Richard Nixon visited West Branch, Iowa in 1965 for the first posthumous birthday celebration for President Hoover. As former vice president, Nixon was the featured speaker. An article published in The Gazette in 2021 reflected, “Nixon took his job seriously, spending a month on the speech.” (Fanno-Langton, Diane. “Time Machine: Dwight Eisenhower and Richard Nixon visit West Branch.” The Gazette, 11 August 2021, https://www.thegazette.com/history/time-machine-dwight-eisenhower-and-richard-nixon-visit-west-branch/)

This warm, kind, generous, shy, witty, and progressive humanitarian, was painted before his countrymen as a cold, heartless, selfish, aloof, humorless reactionary. But time fortunately has a way of healing the wounds inflicted by excessive partisanship.

Richard Nixon speaking about President Herbert Hoover at the Hoover Presidential Library in West Branch, Iowa on August 9, 1965

Hoover lived for thirty-two years after his presidency and continued to be a voice in politics.
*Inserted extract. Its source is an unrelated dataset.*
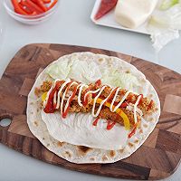 The crust is first covered with a layer of lettuce, then the chicken, bell pepper strips, and cheese are salty, so put less and more cheese slices. Finally, squeeze the tomato sauce and salad dressing.

He delivered a speech at the 1960 Republican National Convention when Nixon was named the Republican nominee for president.

Nixon refers to President Hoover multiple times in his memoirs RN: The Memoirs of President Nixon.

Shortly after the Alger Hiss verdict in 1950, Herbert Hoover sent then Congressmen Nixon a telegram that read, “The conviction of Alger Hiss was due to your patience and persistence alone. At last the stream of treason that has existed in our government has been exposed in a fashion all may believe.”

During the Fund Crisis when Nixon was a candidate for vice president in 1952, Hoover came to Nixon’s defense when campaign spending allegations were raised.

When Nixon was deciding whether to run for Governor of California in 1962, he recalled, “Friends whose political judgment I respected were sharply divided as to what I should do. Herbert Hoover and General Douglas MacArthur advised me to run for Congress so that I would have a forum from which I could address national and international issues.”

President Herbert Hoover passed away on October 20, 1964. Four years before Richard Nixon was elected president for the first time.